◆ Input data ◆

_ _ _ _ _ _ _

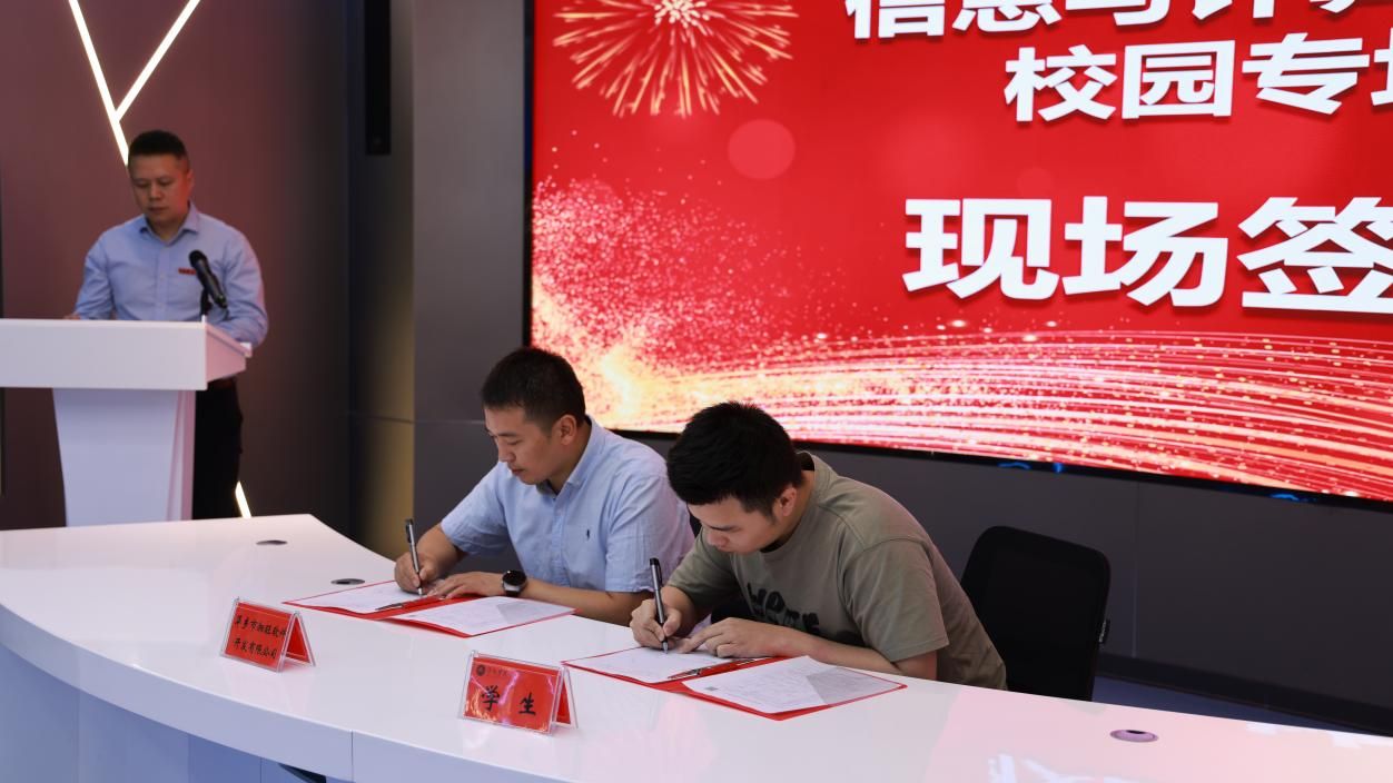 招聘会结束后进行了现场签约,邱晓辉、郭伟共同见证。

_ _ _ _ _ _ _

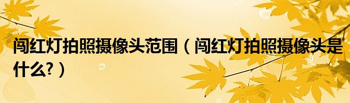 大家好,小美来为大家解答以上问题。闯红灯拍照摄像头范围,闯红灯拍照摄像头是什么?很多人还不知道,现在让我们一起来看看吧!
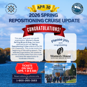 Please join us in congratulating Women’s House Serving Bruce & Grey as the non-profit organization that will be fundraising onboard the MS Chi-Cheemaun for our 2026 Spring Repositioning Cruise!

_ _ _ _ _ _ _

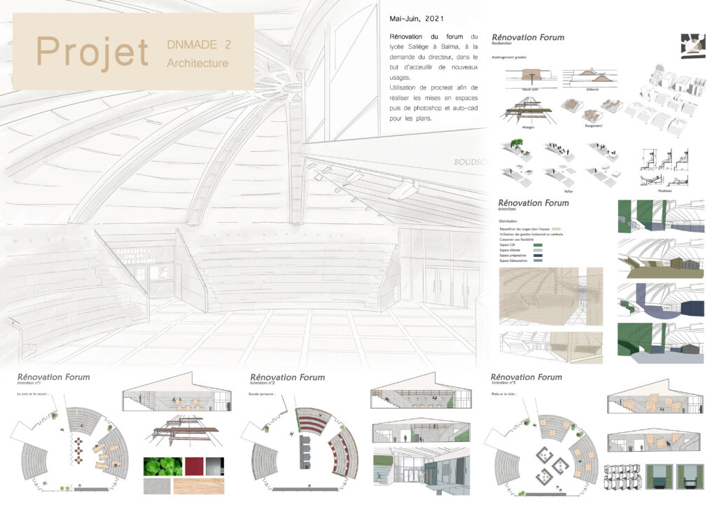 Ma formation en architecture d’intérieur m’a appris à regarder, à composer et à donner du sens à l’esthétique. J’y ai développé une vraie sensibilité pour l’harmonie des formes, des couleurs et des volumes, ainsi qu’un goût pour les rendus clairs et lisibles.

_ _ _ _ _ _ _

◆ What you need to do ◆
Exactly reproduce the lines above, starting at the one that contains "大家好,小美来为大家解答以上" and ending at the one that contains "Please join us", both inclusive; leave the pictures out and add no other lines.

◆ Response ◆
 大家好,小美来为大家解答以上问题。闯红灯拍照摄像头范围,闯红灯拍照摄像头是什么?很多人还不知道,现在让我们一起来看看吧!
 Please join us in congratulating Women’s House Serving Bruce & Grey as the non-profit organization that will be fundraising onboard the MS Chi-Cheemaun for our 2026 Spring Repositioning Cruise!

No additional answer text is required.